Le passé punk oublié de Lucien Francoeur

FYI.

This story is over 5 years old.

Culture

Le passé punk oublié de Lucien Francoeur

Fin 70, le rockeur sanctifié a fricoté avec une gang de punks francophones qui ont été complètement oubliés depuis. Retour sur ce passé important et méconnu de l’artiste québécois.

En 1980, après avoir contribué à l’émergence du punk au Québec, Lucien Francoeur a été invité à monter sur scène en première partie d’un concert des Ramones. La gloire. Mais, pour une raison qu’il s’explique mal, cette période a été complètement occultée dans l’histoire. Personne n’en parle. « Je ne sais pas pourquoi. J’ai quand même été très actif, confie-t-il. C’est le Québec, c’est un drôle de pays. Il ne reconnaît pas ses explorateurs. J’ai fait des choses étincelantes au niveau du punk. »

Publicité

Dès 1974, le groupe Aut’Chose, mené par Lucien Francoeur, brassait déjà un rock underground issu de la contre-culture. Avec ses textes poétiques assumant la consommation de drogue et décrivant un mode de vie marginal, Francoeur croit fermement qu’il a contribué à ouvrir la porte au punk. Avec la chanson Les pays d’en haut de l’album Le cauchemar américain (1976), on s’en approchait en effet.

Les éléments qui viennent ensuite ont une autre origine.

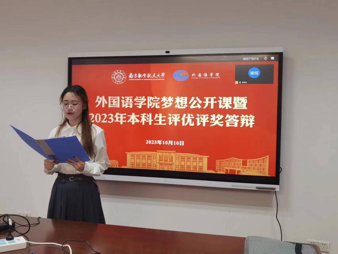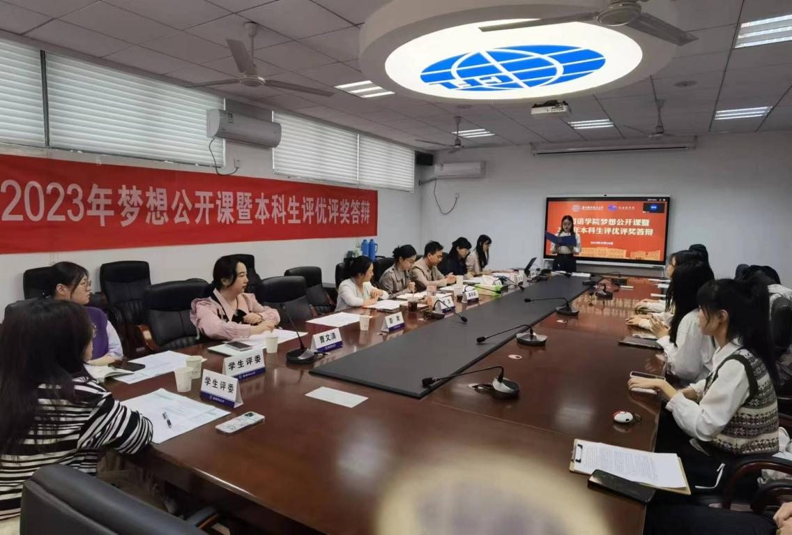 为全面贯彻落实党和国家的教育方针,积极推进我校培养具有“责任意识、创新精神、国际视野、人文情怀”的社会栋梁和工程英才的人才培养目标,外国语学院于10月10日下午在学院322会议室举办梦想公开课暨2022-2023学年本科生评优评奖答辩。出席本次评审答辩会的评委老师有:外国语学院党委副书记吴科颖,院团委书记李萍,英语系副主任王伟,英语系教师代表曹璐,本科生辅导员彭欢、赵瑜瑶、曹文清,以及两名学生代表朱芸、王新怡。此次公开课由2022级英语专业学生廖海雲主持,学院同学通过腾讯会议在线观摩学习。

C’est à Vancouver que Lucien Francoeur a découvert l’héroïne, au début des années 70. Quand le punk est arrivé, vers le milieu des années 70, l’héroïne faisait partie du paysage. Il n’a jamais complètement arrêté d’en consommer. « J’étais vraiment impliqué dans le milieu. Je ne me suis jamais caché, je le faisais à ciel ouvert, dit-il bien ouvertement. À cette époque-là, l’héroïne, il n’y avait pas de glamour autour de ça comme il y en a eu pour la cocaïne. J’ai tout fait ça et je n’y ai pas laissé ma peau. On était avancés dans le trip, il y en a qui ont eu des fins tragiques. Il y avait une piaule délabrée où on allait sur la rue Saint-Jacques. On couchait dans des buildings abandonnés. »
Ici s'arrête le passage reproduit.